Our Bible Study group was recently studying Paul’s letter to the Philippians. One of the things that struck us was the amazing attitude Paul had to his imprisonment.
We imagined him chained to a Roman guard, 24/7 in Caesar’s palace cells, with no personal privacy and relying on friends to do everything for him. What was his reaction to these unpleasant circumstances?
He was full of praise to God, joyful for His provision and for being part of His plan to spread the Gospel!
In our comfortable lounge chairs we pondered on how he could feel that way about his situation.
The answer is that Paul had such a deep and unwavering trust in his Lord and Saviour that he knew there was a reason: guards and others were being evangelised through Paul’s influence and the Philippians themselves were being strengthened.
And the whole Church, from that day to this, can benefit from Paul’s testimony to the joy he knew in the Lord. No-one could fake such a joy.
Paul’s joy was due to a deep contentment that Christ had removed his sin and that he was working at the centre of God’s will for his life.
Why be Joyful?
Jesus showed us the great emptying-out principle that is shown in Paul’s remarkable life. If we want to learn contentment and joy, developing an attitude of unselfish humility is the perfect place to begin, says Chuck Swindoll.
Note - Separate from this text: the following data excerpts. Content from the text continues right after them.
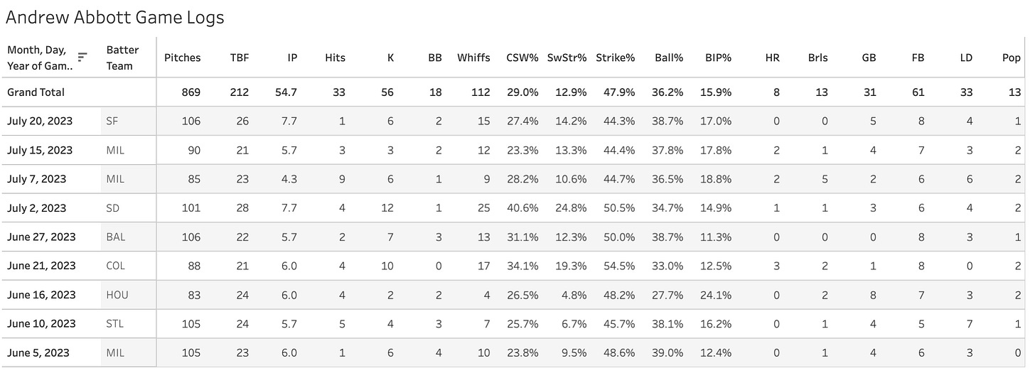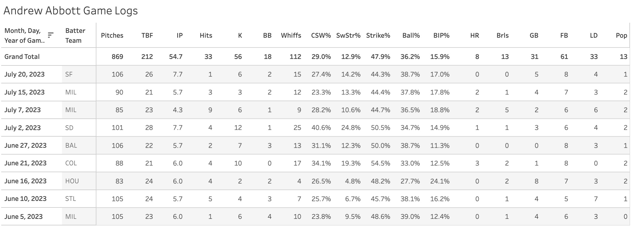 Abbott is really putting me through the ringer this year. Here’s his full game log from the “P Logs” tab on the dashboard.
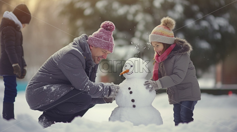 Dad and kids winter time, spending time together outdoors, walking in a forest
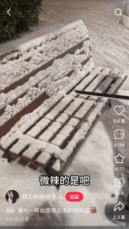 这天抖音创作者“悲伤小蛤蟆”发布了一条在公园长椅上用积雪做霉豆腐的视频,获赞超162万,转发超78万。不少网友在评论区留言,“还以为就我一个人爱看”“第一句话出来我就知道考点了”。
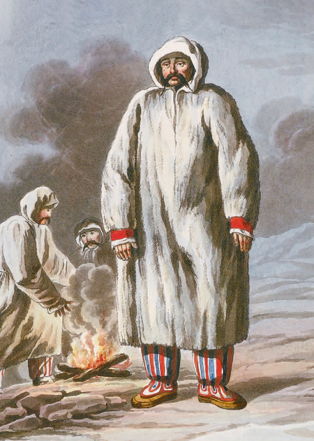 Слева: Самоеды, одетые в медвежьи кожи. Справа: Коряки
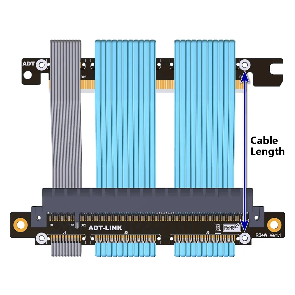 Cuanto más largo sea el cable, más obvias serán las tres anomalías de atenuación de la señal, la interferencia de la señal y el retraso de la señal.Estas tres anomalías son la principal causa de pérdida.La longitud de línea medida del producto es inferior a 25 cm y PCIe 4.0 puede funcionar a máxima velocidad, y la señal se atenuará si supera los 30 cm.
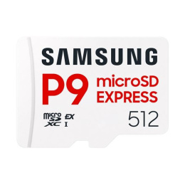 Samsung P9 Express je špičková microSDXC paměťová karta s velkou kapacitou 512 GB, určená pro široké spektrum zařízení – od mobilních telefonů a tabletů až po drony, akční kamery, notebooky a herní konzole.
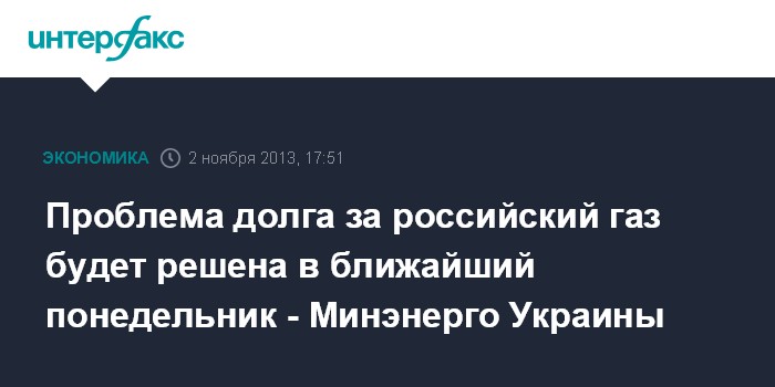 Проблема долга за российский газ будет решена в ближайший понедельник - Минэнерго Украины
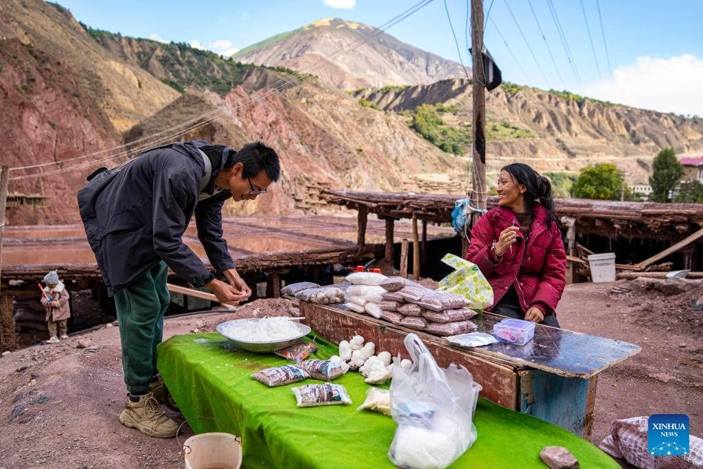 A villager promotes salt produced by her family to a tourist near a salt field in Naxi Ethnic Township of Markam County in the city of Qamdo, southwest China's Tibet Autonomous Region, Oct. 20, 2023. Markam County is known as a place with rich salt resources since ancient China. Salt fields are mainly built on cliff slopes and riversides of the Lancang River. Local people in Naxi evaporate brine in the sun with an ancestral technique since Tang Dynasty (618-907 AD). With a large amount of yearly output of salt products, salt-production has become a main income for local people. Furthermore, the salt fields here and local folk customs also become a unique attraction to visitors. (Xinhua/Sun Fei)
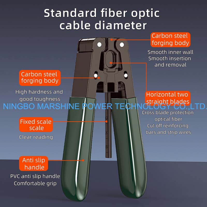 MARSHINE 표준 광섬유 케이블 스트리핑 플라이어는 커넥터나 어댑터를 설치하기 전에 외부 재킷과 완충 코팅을 벗겨내는 데 적합합니다.
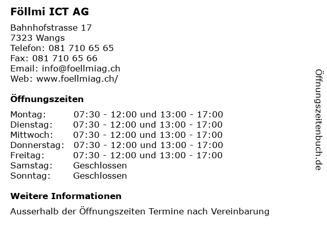 | Öffnungszeiten Föllmi ICT AG in Wangs anzeigen | |
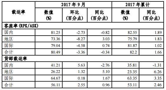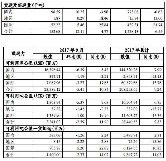 货运方面,2017年9月货运运力投入(按可利用吨公里—货邮运计)同比上升14.02%;货邮周转量(按收入吨公里—货邮运计)同比上升16.01%;货邮载运率为56.11%,同比上升0.96个百分点。
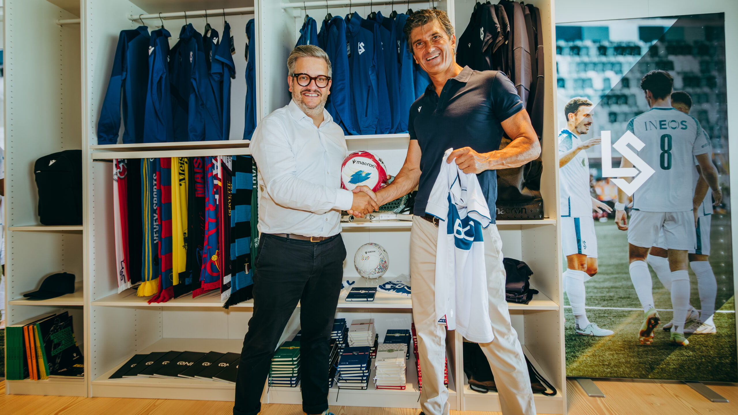 Dans les locaux du stade, les représentants de la marque italienne ont échangé avec le vice-président du LS, Vincent Steinmann, ainsi qu’avec le département marketing du club. Les discussions ont porté sur la qualité des pièces confectionnées par Macron pour le club vaudois et sur les projets à venir dans le cadre de ce partenariat. Ce fut également l’occasion de leur présenter la loge ONIS — distributeur officiel de Macron en Suisse — qui sera inaugurée prochainement.
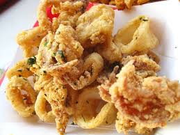 Calamari, buttermilk, smoked, garlic powder, all purpose flour with paper salt
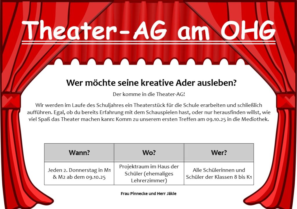 Die Theater-AG am OHG steht allen Schülerinnen und Schülern von Klasse 8 bis zur Kursstufe 1 offen und lebt von der Kultur der Beteiligung: Es gibt kein Casting, die Stücke werden in Zusammenarbeit mit den teilnehmenden Schülern besprochen und wurden in manchen Jahren sogar von Schülerinnen und Schülern verfasst. Zu Beginn eins neuen Schuljahres können Schülerinnen und Schüler neu beitreten.
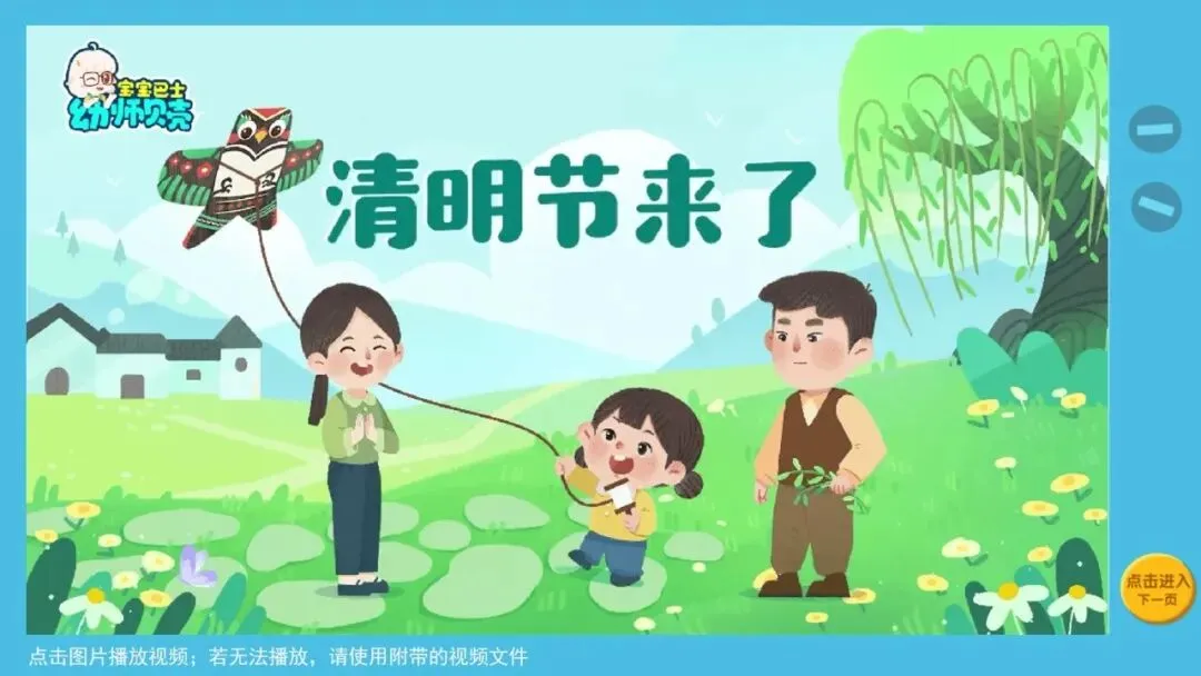 课件准备:“认识清明节”组图;“清明节的习俗”组图;《清明节来了》故事视频;“过清明”组图。
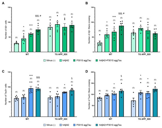 Figure 2. Spreading of human amyloid-beta (hAβ42) and P301S aggregated tau (aggTau) in postnatal wild-type and transgenic organotypic brain slices. Brain slices were prepared from postnatal day 8–10 wild-type (WT) C57BL6 mice or transgenic (TG) amyloid precursor protein _Swedish–Dutch–Iowa (APP_SDI) mice. Collagen hydrogels with hAβ42, P301S aggTau, or a mix of both was loaded after 1 week in culture. Collagen hydrogels with an empty load were included as negative controls. Slices were cultured for 8 weeks, fixed and analyzed by immunohistochemistry for Aβ using the antibody clone 6E10 or for tau using the antibodies Tau5 or AT8. Images were taken at the 20× magnification with a field size of 523 × 392 µm, which were quantified using ImageJ (Version 5.5.0). (A) Quantification of the number of Aβ+ cells in the ventral areas of WT and TG APP_SDI slices. (B) Quantification of the Aβ+ fiber density. (C) Quantification of the number of Tau5+ cells in the ventral areas of WT and TG APP_SDI slices. (D) Quantification of the Tau5+ fiber density. The corresponding fiber densities were calculated by counting the number of times fibers crossed a predefined grid on the same image used to analyze the number of Aβ+ or Tau5+ cells. Note that no mature Aβ plaques or tau neurofibrillary tangles were observed in these postnatal slices. Values are given as mean ± SEM for each group and the values in parentheses represent the number of analyzed animals. The dots represent individual raw data values. Statistical analyses were performed using a one-way ANOVA with a Fisher’s LSD post-hoc test. * p < 0.05, *** p < 0.001 signifies comparisons against the respective (−) groups. § p < 0.05, §§§ p < 0.001 signifies comparisons between hAβ42 + P301S aggTau and hAβ42 groups. # p < 0.05 signifies comparisons between hAβ42+ P301S aggTau and P301S aggTau groups.
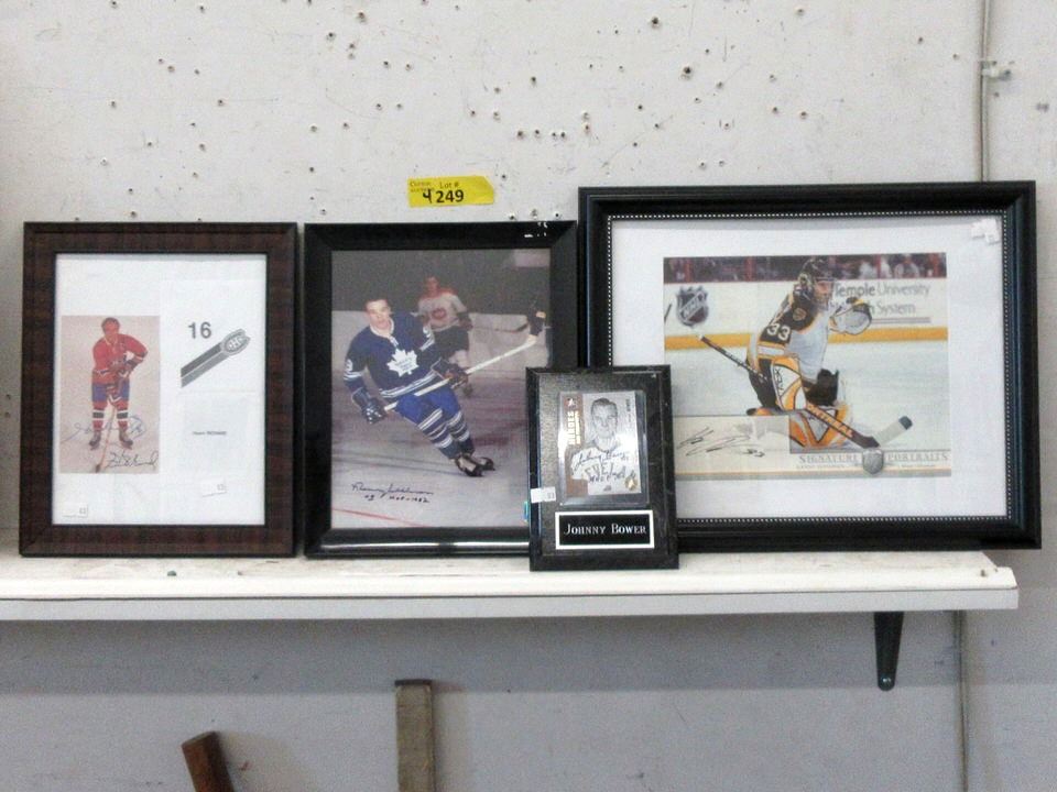 Henri Richard, Norm Ullman, and Hannu Toivonen photos. Johnny Bower signed and framed trading card.
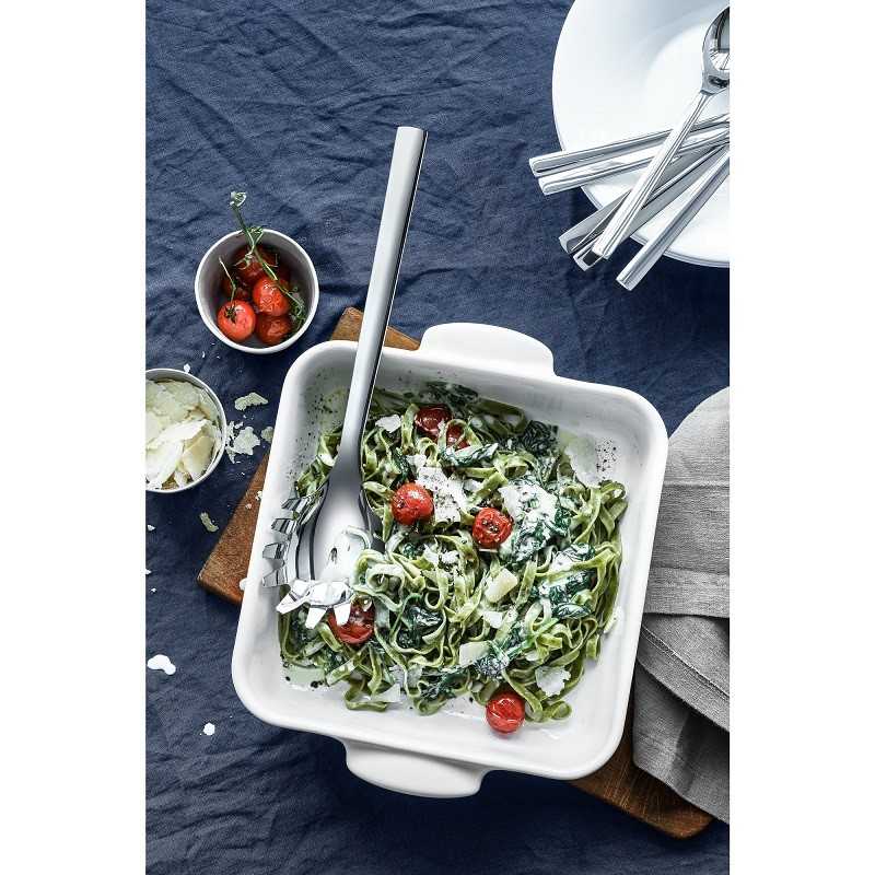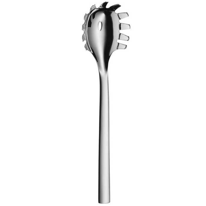 Ложка для пасты WMF Nuova (12.9172.6040) для распределения порций спагетти. Изготовлена для из полированной нержавеющей стали 18/10 Cromargan protect®, прибор устойчив к повреждениям, царапинам и кислотам, не впитывает запахи, с ручкой для подвешивания на крючок.

There are several results:
1. Jesus is glorified. This should be our motivation for such behaviour, difficult as it may be. Christianity is a way of life in which true blessing only comes through suffering. Think of what Christ’s death means to our salvation. Foxe’s Book of Martyrs is full of the stories of those who have suffered for Christ, thus bringing Him glory by their obedience and example.
2. We are affected. Jesus showed us how His joy was increased by His servant-like self-giving. A humble attitude like that shown by Paul, Peter and many disciples since has been the cause of the great contentment and joy they have all experienced.
3. Others are affected. Somebody once said, ‘we are the only Bible most people will ever read.’ A professing Christian who is not humble, out for himself all the time, selfish and careless, is a direct contradiction of everything our Master and the apostles taught about behaviour in the New Testament.
I should talk – I’m telling you this because I know it is right, not because I am a perfect practitioner. As Paul said for all of us:
‘I press on . . .’Phil 3:14]
How to be Joyful
Our problems can look so large to us that they often distort our view. Paul’s secret was for him to live above his circumstances by keeping his eyes on the Lord Jesus.
The trials of this life can shrink when compared to our loving, powerful Lord, who has ultimately defeated all the powers of this world which cause us to be affected by our circumstances.
We have to patiently wait on Him, and while waiting, continue to live in humility and trust.
Chuck Swindoll has again written:
‘Paul exhorts believers to have an attitude of joyful acceptance. Paul minced no words about how believers should relate to one another. “Do all things without grumbling or disputing; that you may prove yourselves to be blameless and innocent, children of God above reproach in the midst of a crooked and perverse generation, among whom you appear as lights in theworld” [Phil 2:14-15]. He sought an attitude of joyful acceptance, free of petty disputes and bickering. He pled for authentic joy.’
Taking our circumstances straight to God helps to give true Christian joy.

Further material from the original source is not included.